My eyes are watering and I am having a terrible headache.
I again looked at my laptop screen but I closed my Gmail web page without logging out. The e-mail which I read seconds before burnt me completely,it squeezed my heart to sink and it made me yell and cry.
I had a very close senior friend to whom I have an elder sister affection.During my younger days,I used to wonder upon the way she handled huge responsibilities and I always had a stint of jealousy seeing her matured and sensible behaviour.
Though she is elder to me,we are very close enough to talk out anything.The terrible e-mail was from her.I could feel the pain in her but it’s too late.Below is an excerpt of her mail.

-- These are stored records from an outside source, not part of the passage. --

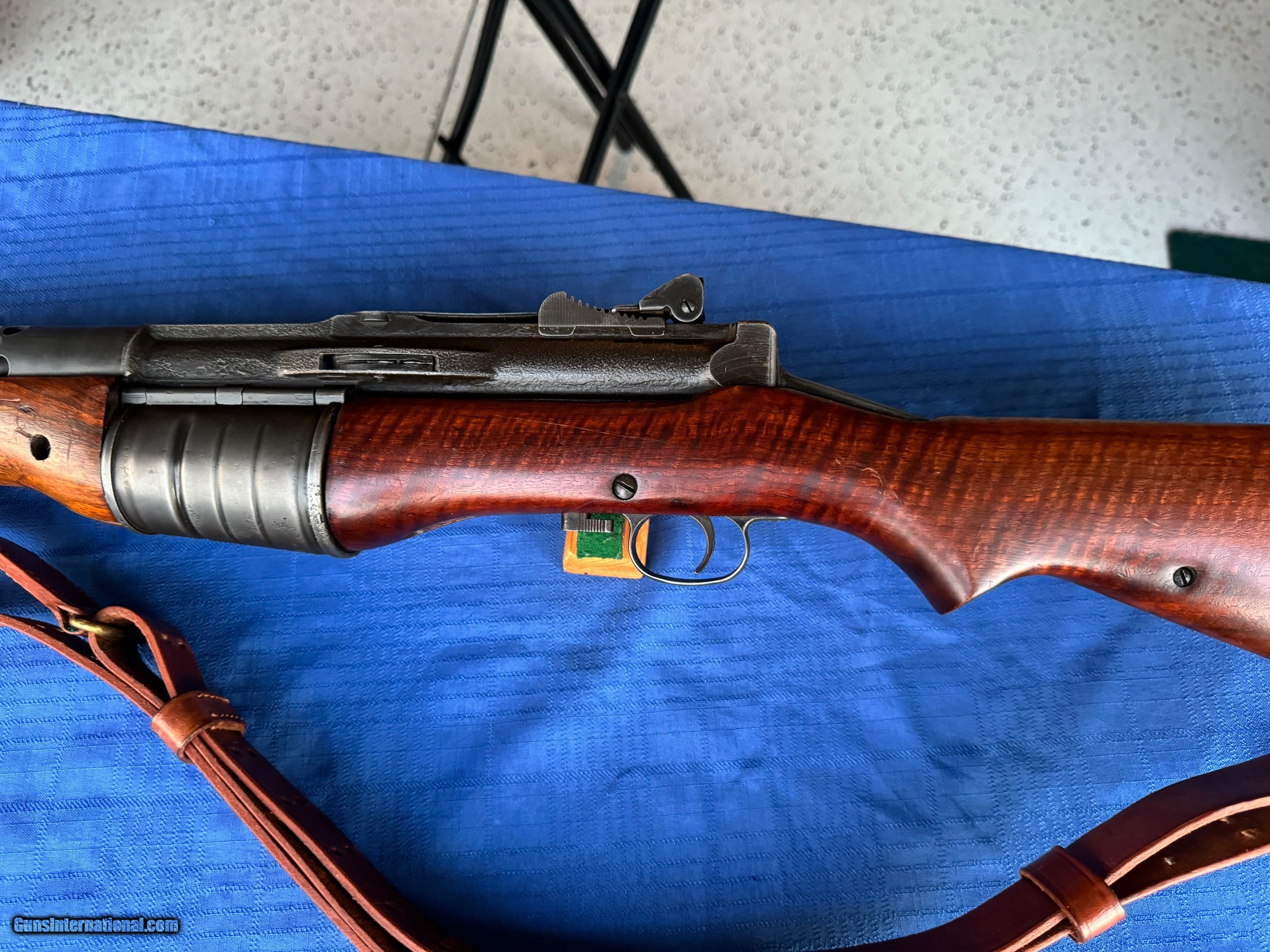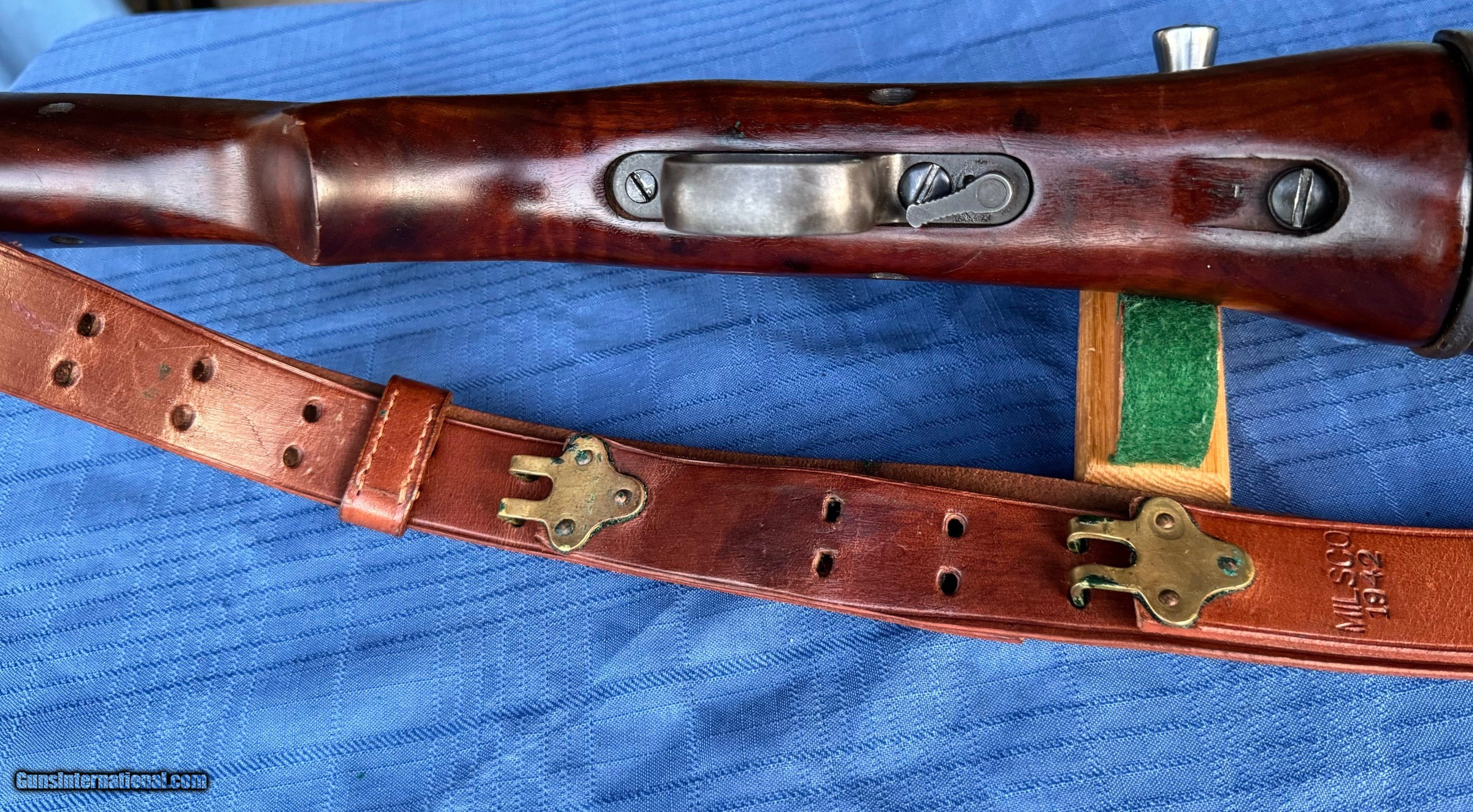 Description: Here's is a Stunning Johnson Rifle WW2 1941 ! Serial number B2270 this gun is in the correct range as the U.S.M.C. Issued Johnson Rifles according to the book . Gun has most all of its military finish still remaining! With some wear and lite scratches . Original sights . Wood is in excellent condition! Wood has some Fantastic Tiger Stripe Grain ! Wood to metal fit is Excellent. Comes with a Milsco 1942 dated sling . And Johnson bayonet . Bore and mechanics are in excellent condition. Gun is in excellent working condition. Super nice WW2 Johnson Automatic Rifle ! Please review my photos and email me with any questions ? 3 day inspection as allways ! Here's a Great Deal on the Holy Grail of all WW2 Weapons ! Thank you for looking, Little Jo SOLD Curio/Relic: Yes Manufacturer: Johnson Model: 1941 Serial Number: B2270 Condition: Excellent Plus |
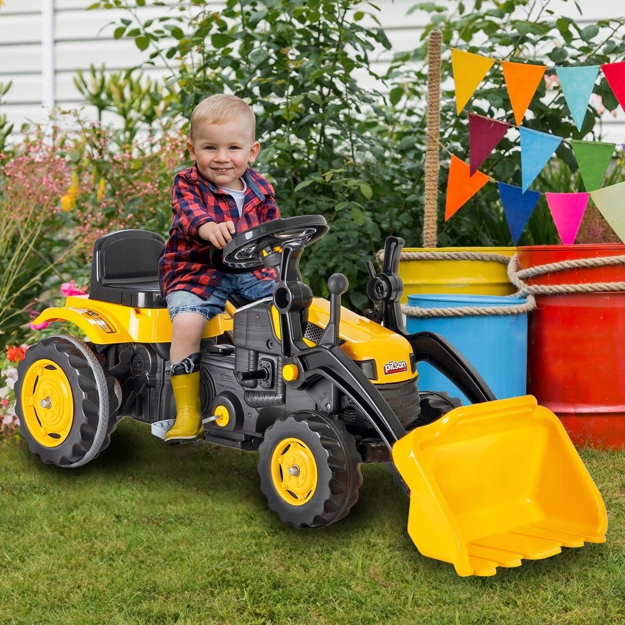 Екскаватор має надійну рульову систему, що полегшує керування трактором навіть наймолодших користувачів. Передня вісь кручення забезпечує ідеальне скручування малюком.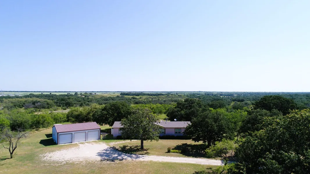 This premium manufactured home by Solitaire features granite counter tops in kitchen & bathrooms, fireplace, spacious living area, large master bed & bath, w/ 2 extra bedrooms & hall bathroom. The split living design was made for comfort & cozy living away from the bustle and bustle of city life yet centrally located for access to all of Texas. All of this is surrounded by majestic oak trees and plenty of room for hunting, horses, or just quite morning walks. The extra storage & workroom in the backyard compliments, a 30 x 36 detached garage/shop with 3 - 10 roll up, doors w/ remote door openers. Immediate possession possible upon closing & truly ready to enjoy!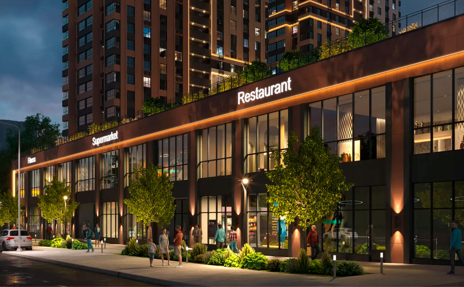 Территория жилого комплекса закрытая и охраняемая. Ведётся круглосуточное видеонаблюдение. На территории проекта предусмотрен собственный детский сад, спортивные и детские площадки с безопасным покрытием, плавно переходящими в пространство для отдыха с декоративными кустарниками и газонами. Для владельцев автомобилей предусмотрен подземный паркинг.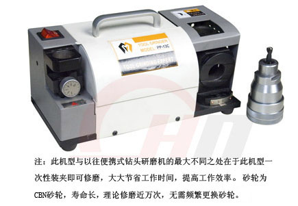 3. 刃磨性:可以刃磨2槽麻花鉆,鉆頭材質為高速鋼、鍍錫鉆、鍍鈷鉆、拋物線鉆、錐柄鉆、硬質合金鉆(需選用金剛石砂輪)。鉆柄長度不限??梢哉{節刃磨量。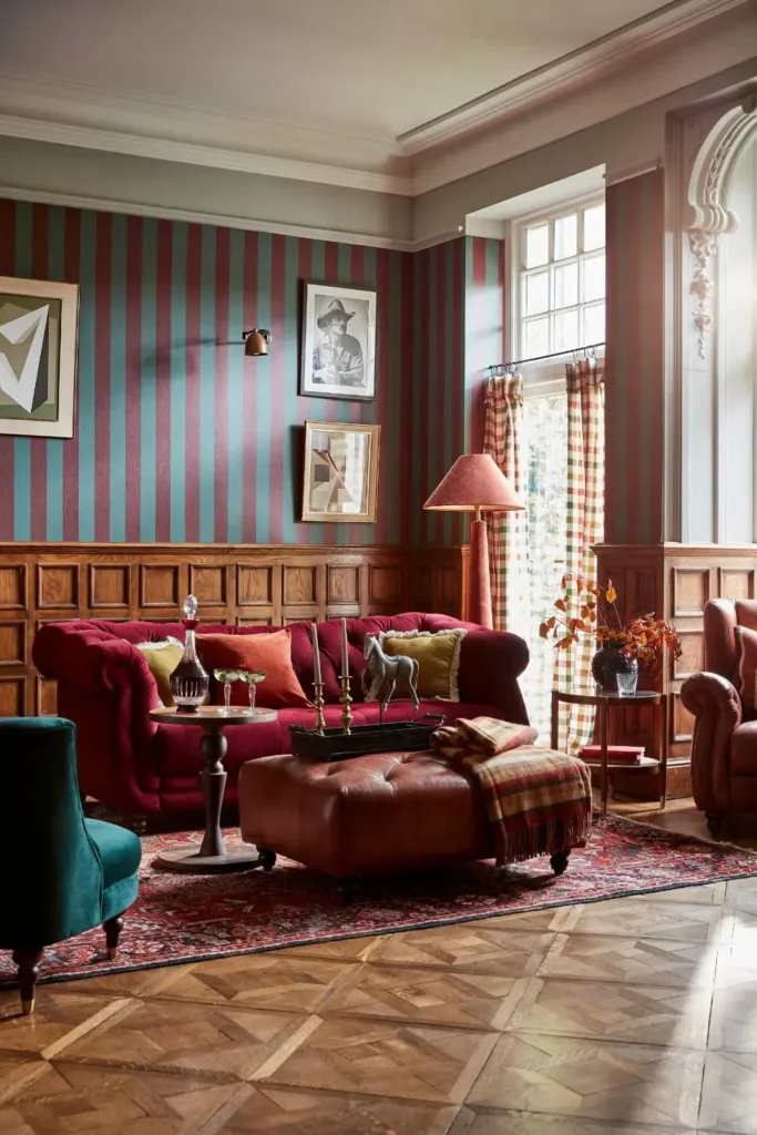 One of the more surprising trends for 2026 is a renewed focus on ceilings and floors as design features. Whether it’s a painted ceiling, panelled beams or patterned parquet flooring, the message is that every surface counts.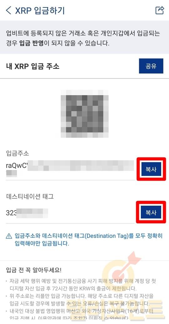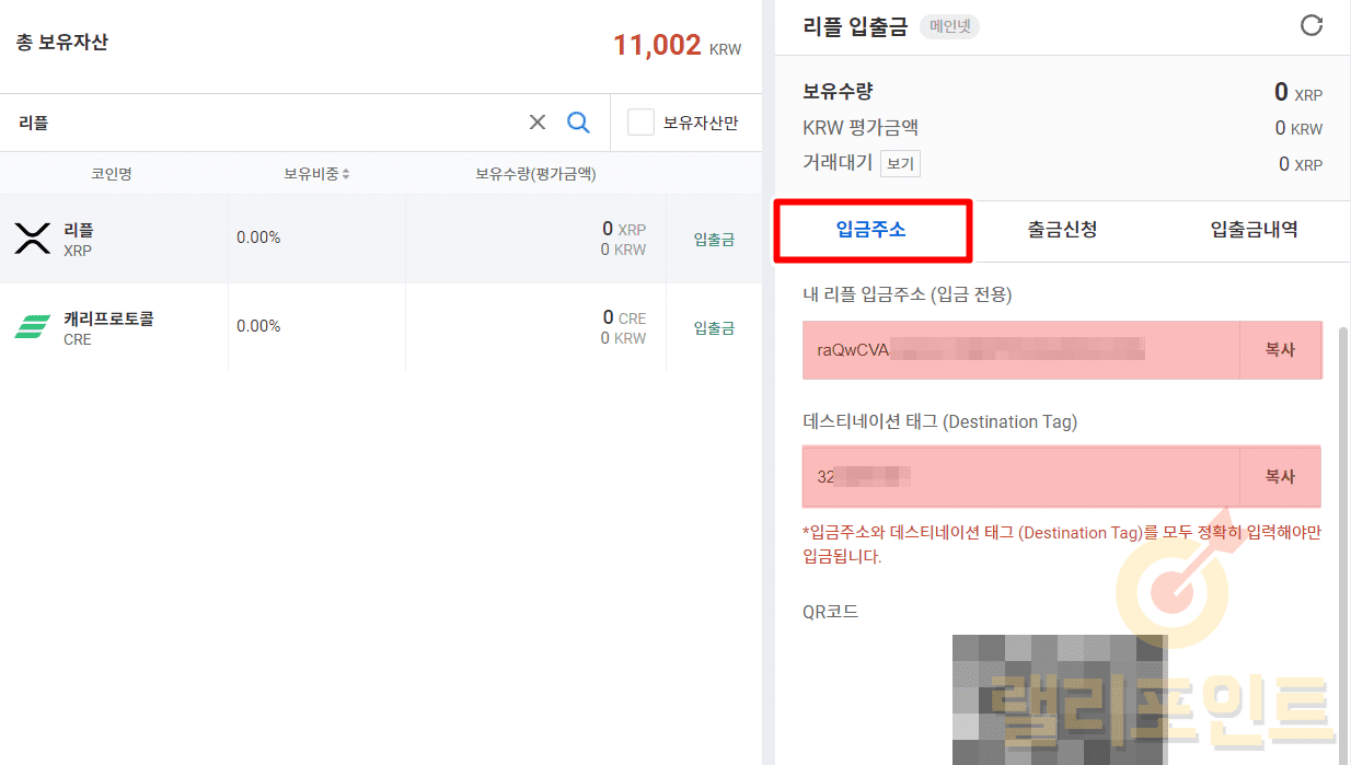 1. 나의 리플 입금주소 및 데스티네이션 태그를 확인 및 복사합니다.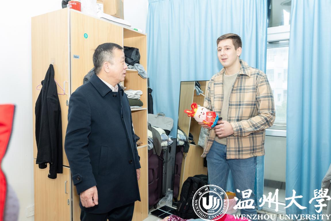 谢树华来公寓看望留学生,向留学生表达了新春问候,与留学生亲切交流互动,勉励留学生学好中文,更好更快融入澳门银河官网 大家庭,成为中外文化交流桥梁和使者。

“…I am hating myself for being in such a situation now.Though my kid’s smile and his love are making me happy,those were not that I craved to have at the age of 26.I have always told you about my dream start-up right?Remember??I topped the school and college dreaming about my start-up and not to baby sit and cook.Of course I want a family in my life,but this was too early.My dreams are shattered.I fought with him about this and he asked why I need to do it when I have no time to breathe with household works and baby;also he is earning more.It is making me more frustrated.Before marriage he had promised me that I could go ahead with my plans.Now I have to ask permission to a 101 people if I need to sort out this and it will be a mess.I should have not heeded for the emotional drama of my parents.I should have just made them understand what I wanted in my life.But what to do?I remember my mom falling on my feet telling that if I don’t get married at 23 they will suicide out of embarrssment.Now I am in deep s**t.I can never get out of the present committments.It will either end up in a divorce or I will suicide.Is there any rule that Indian women should never have dreams??Malu,I am tired of crying,I am tired of fighting for my dreams..I don’t know what to do now.Sometimes I will feel that I should just leave everything and then come to India.Tell me..Tell me something…………”
Why do this happen to Indian girls?Why do girls have to sacrifice their dreams?If we were born for it,why are we taught to dream high?
We slog as much as or at times more than the guys do.We top the schools and universities.We top the work and again at the age of 22-24 we are forced to leave our dreams for somebody who just came into the our life.
All we have is a life..Just ONE life.
If we don’t do things that we wanted during our one life,then when will we ever do so?Looks like the purpose of educating us and teaching us to aim high was to get married off without allowing us to do what we wanted in life.Then what was the need for spending/investing/wasting money on us?
According to the current trend,students join their colleges at age of 17/18 and they graduate at the age of 21/22.Some go for higher studies and some take up jobs.Lets take the people who work after their graduation.It will take at least two years for a normal human being to understand the industry and it will take time to decide whether to switch the job or to find out the field that he/she will be good at.The problem happens when guys always have the freedom to decide on their lives because they are just 24 and still young.But,at the age of 24,a girl is apparently old;of course for the wedding market(no wonder because when parents get their 18-year-old daughter married off,then 24 years is old for the wedding industry) and she is nagged to marry someone.Like any other human being,the girl will be confused about her career and dreams.May be she had plans to do a start-up or to study further or to switch jobs.But that normally doesn’t happen because of the emotional dramas and the endless phone calls from home.The post graduated people suffer even more because they take again two years to find out a right job.
After some years,we girls see guys who were not even half talented as we were fulfill their dreams with their hard work and determination while we end up sitting at home with two kids.Nobody will ever understand the pain in watching it in front of our eyes.
Is it a big mistake to think about having a financial security of our own before getting married?Is it a sin to be stubborn to talk about our dreams?
The problem is when parents expect us to do everything in the traditional way.They are happy and proud when we top school and college.But they show frowned faces and wrinkled foreheads the moment we tell them that we would like to post-graduate or work abroad.This mess is created by the society which makes crap rules.Parents are pressurized as the society creates nightmares for them if they don’t get their daughters married off at 23.The society cooks up stories about the girl not getting married by 23 and most of the parents are scared about this.Unless the younger generation tries hard to make a change,our daughters are going to have a tough time ahead.
I will not say that its everybody’s case,there are some rare lucky souls who gets a supportive husband and understanding in-laws.But that’s just .01% or even less.
At times I hate myself after hearing and seeing these issues..I don’t hate being a woman..and I don’t hate being an Indian.Though I am a proud Indian,I have no other choice but, to say that I hate being an Indian woman.